I learned this the hard way consulting for a startup with a race condition in their wallet system. Money could be deducted but not credited due to network timeouts. They lost $50K before discovering the bug. Atomicity would have prevented this entirely.

Consistency: Rules Are Rules

Consistency means your database enforces rules, even when your application code has bugs.

sql

-- Database-level constraints ensure data integrity
CREATE TABLE users (
    user_id SERIAL PRIMARY KEY,
    email VARCHAR(255) UNIQUE NOT NULL,  -- No duplicate emails, ever
    age INTEGER CHECK (age >= 18),        -- Must be adult
    balance DECIMAL(10,2) CHECK (balance >= 0),  -- Can't go negative
    created_at TIMESTAMP DEFAULT CURRENT_TIMESTAMP
);

CREATE TABLE orders (
    order_id SERIAL PRIMARY KEY,
    user_id INTEGER REFERENCES users(user_id),  -- Must be valid user
    amount DECIMAL(10,2) NOT NULL CHECK (amount > 0)
);

Think about an inventory system. You have a rule: quantity can never go below zero. Without database-level consistency, two customers could buy the last item simultaneously:

python

# Race condition without proper constraints
# Customer A: Check quantity = 1 ✓
# Customer B: Check quantity = 1 ✓
# Customer A: Create order ✓
# Customer B: Create order ✓
# Result: Two orders, one item!

# With proper isolation and constraints
def purchase_item(user_id, product_id):
    with db.transaction(isolation_level='SERIALIZABLE'):
        product = db.execute(
            "SELECT * FROM inventory WHERE product_id = %s FOR UPDATE",
            (product_id,)
        )

        if product.quantity < 1:
            raise OutOfStockError()

        db.execute(
            "UPDATE inventory SET quantity = quantity - 1 "
            "WHERE product_id = %s AND quantity > 0",
            (product_id,)
        )

        db.execute(
            "INSERT INTO orders (user_id, product_id) VALUES (%s, %s)",
            (user_id, product_id)
        )

Isolation: Don't Step on Each Other's Toes

Isolation is about what happens when multiple operations occur simultaneously. Databases offer different isolation levels, and choosing the right one is a balancing act:

Read Committed (default for most databases): You only see data that's been committed. Good for most applications.

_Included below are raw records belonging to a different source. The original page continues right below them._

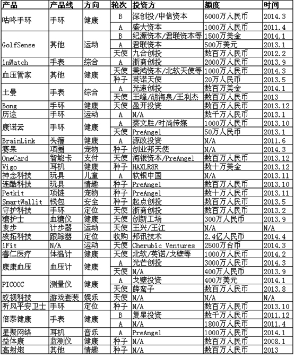 回到國內(nèi)可穿戴設(shè)備一級市場,按照公開數(shù)據(jù)顯示,在下游領(lǐng)域投資總共發(fā)生超過30起,輪次從種子到B輪都有,產(chǎn)品主要集中在手表、手環(huán),應(yīng)用領(lǐng)域集中在運(yùn)動、健康、醫(yī)療,跟蹤定位、寵物。綜合來看,A輪的投資額度多超過千萬,投資時間多發(fā)生在2013年,多數(shù)投資為天使/種子投資,最活躍的機(jī)構(gòu)當(dāng)屬PreAngel,其次有深創(chuàng)投、英諾天使等,看樣子是有意在布局。
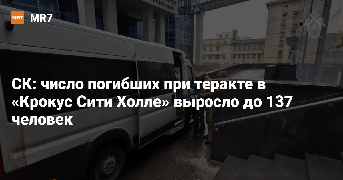 Число погибших в результата теракта в «Крокус Сити Холле» в Подмосковье выросло до 137 человек, трое из них — дети, сообщили в Следственном комитете РФ. К настоящему времени из общего числа погибших опознано 62 тела.
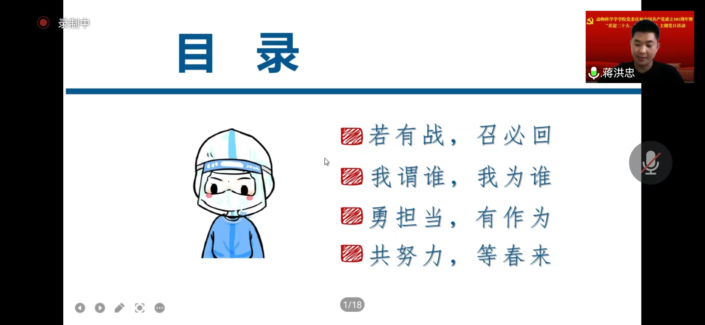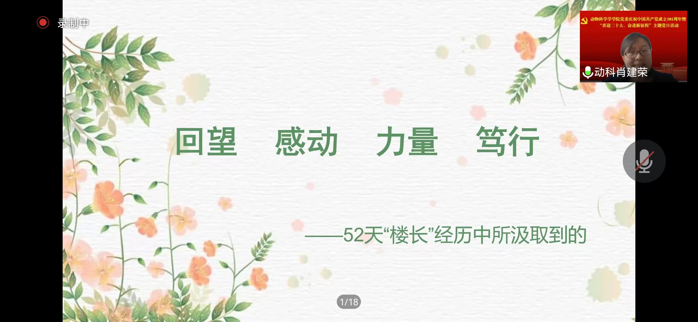 随后,公司疫情防控一线教职工党员代表肖建荣、王可佳、蒋洪忠和胡进平4位同志联合开展“党课开讲啦”,用生动的图片和鲜活的事例分享了他们在校园疫情防控和生产一线工作中的感人故事。肖建荣副书记以《回望·感动·力量·笃行》为题,分享了她带病上阵,在校园防疫一线担任52天“楼长”的感动与收获;辅导员王可佳以“春天里的故事”为题讲述了驻校时间最长、岗位变化最多的楼长与她员工们的双向奔赴;蒋洪忠老师用朴实却坚定的语言生动诠释了“召之能战、战之必胜”的“军人本色”;胡进平老师则细数公司生产一线的7位同志从冰雪覆盖到春暖花开再到夏日到来一路的艰辛与坚守......讲不完的故事,道不尽的感动,4位党员同志用他们的实际行动为公司师生筑起一道坚强的防疫屏障,他们是校园防疫一线的一抹“动科红”。
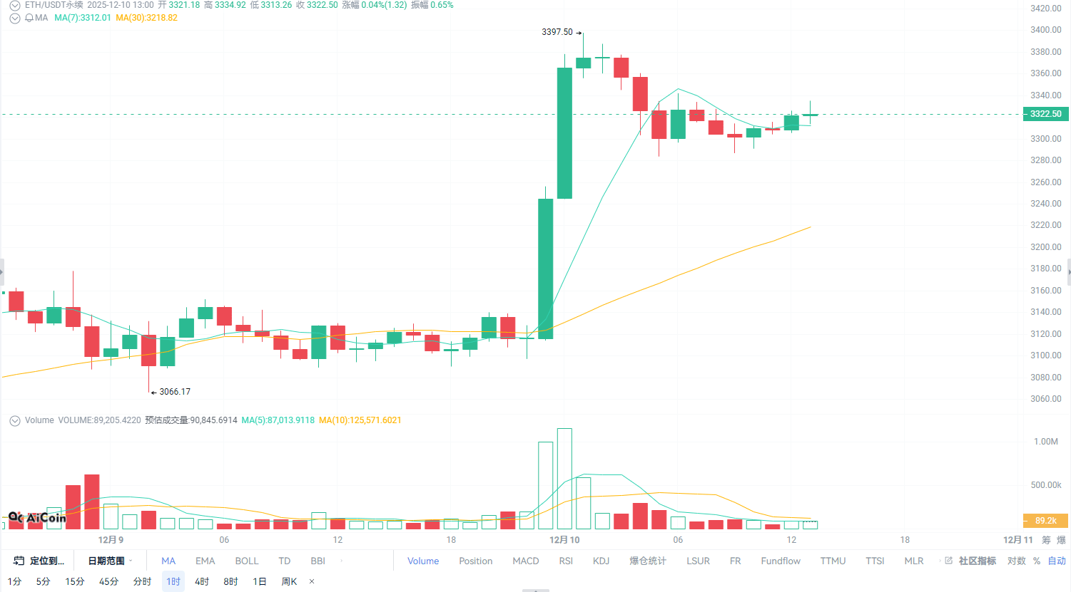 Looking at the moving averages, MA7 is at 3312, MA30 is at 3218, the short-term line is above the long-term line, the overall structure is not broken yet, but the problem is that the price is currently hovering near MA7, without forming strong support or momentum, it is in a suspended state, quite ambiguous.
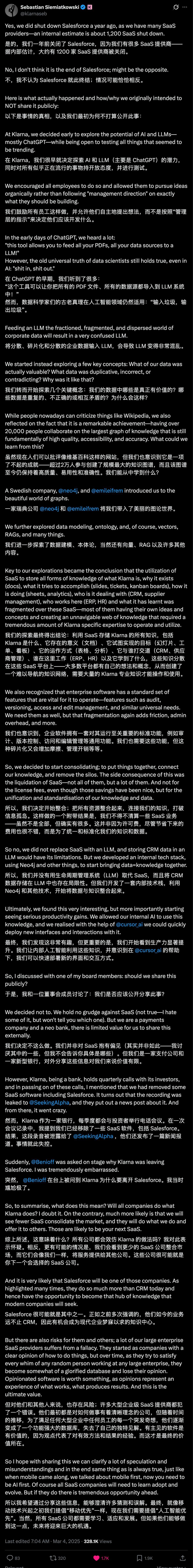2024 年,有一家金融科技初创公司 Klarna 的创始人兼 CEO,在 ChatGPT 出来之后选择放弃使用 Salesforce 的旗舰 CRM 产品,转向自己开发的 AI 系统。一年后,他在 X 发文说,他不认为其他人会,或者应该效仿他的做法。「我不认为这是 Salesforce 的末日;或许恰恰相反。」
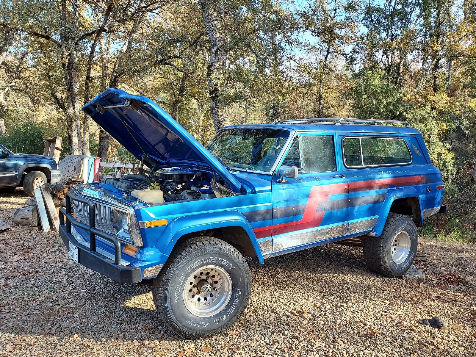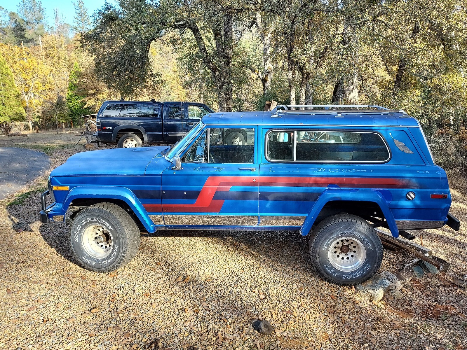 California Fresh Full Size Jeep Cherokee Chief Sport. 360 V8 with 727 Auto Trans, 4x4 with manual lockout hubs.Tires have tread, but are old. Engine tune up work done, Brakes done with all new parts, dual exhaust, custom bumpers.This truck is the Blue Beast! Yes, she is a Monster! Runs great, not too loud while driving but Roars when you goose it. I have never driven at high speeds or long distance, just some crawling around on hilly twisty dirt roads...and she excelled!Inside is rough, some of the switches might not work, but she has original buckets with center rest, and back seat folds down, then flips forward to front seat backs.Tired window motors, electric windows and locks. When battery is fully charged the windows work better. When battery is low, they slow down or stop. Enough works now to drive it, but really needs a lot of detail components renewed. I was using old batteries ass I did not drive hardly at aall, and batteries always seemed to run down after sitting. Not sure if that's old batteries, of something robbing power. I have a new battery for it.People are doing serious restorations on these trucks and demanding very high prices. The shine is off of this one, but she is California Clean. Hardly any rust at all and no major dents. I found peeling/cracking bondo from when she got her 80's makeover. Rather than ignoring or restoring, I scraped it out, did careful sanding, then etched, primed and painted the spots. This way its preserved, but you can see what you've got. Nothing hidden.She has a salvage title. I was told its not from collision, but from being stolen. She disappeared for a while and eventually turned up in Sacramento, CA. That's when she got the salvage designation. You can pick her apart, but you will look long and hard to find a more solid, better running Widebody Survivor FSJ in northern NY.The first several pics were taken last summer when still in CA. The last group of closeups were taken July 2025. Has not been driven in NY, however the sun is working on the clear coat causing fading of paint coat and peeling of the clear. I focused on bottom pics because thats where the beef is, and the true test of clean. See the solid floors and the crisp edges on all the metal components.If you want to build an awesome FSJ, you will save a lot of work/dollars if you don't have to clean up rust and/or collision damage and you start with something clean and solid. Want a beast that won't fall apart on you? This is the one!Still has CA plates and title. Registered Non-Operational in CA. Current location, Watertown, NY.For sale as-is, where-is. Please do your own inspection and ask all questions before bidding.

Repeatable Read: Same query returns same results throughout a transaction. Great for reports.

Serializable: Complete isolation, as if transactions ran one at a time. Maximum safety, minimum concurrency.

python

# Example: Booking system with proper isolation
from sqlalchemy import create_engine

# Configure isolation level based on your needs
engine = create_engine(
    'postgresql://localhost/bookings',
    isolation_level='REPEATABLE_READ'  # Consistent reads within transaction
)

def book_seat(user_id, seat_id):
    with engine.begin() as conn:
        # Lock the row for update
        seat = conn.execute(
            "SELECT * FROM seats WHERE seat_id = %s FOR UPDATE",
            (seat_id,)
        ).fetchone()

        if not seat.available:
            raise SeatAlreadyBookedError()

        conn.execute(
            "UPDATE seats SET available = false, booked_by = %s "
            "WHERE seat_id = %s",
            (user_id, seat_id)
        )

Durability: Written Means Written

Once a transaction commits, it survives crashes, power failures, everything. This is why database write operations are slower than pure memory operations—durability has a cost, but for critical data, it's worth it.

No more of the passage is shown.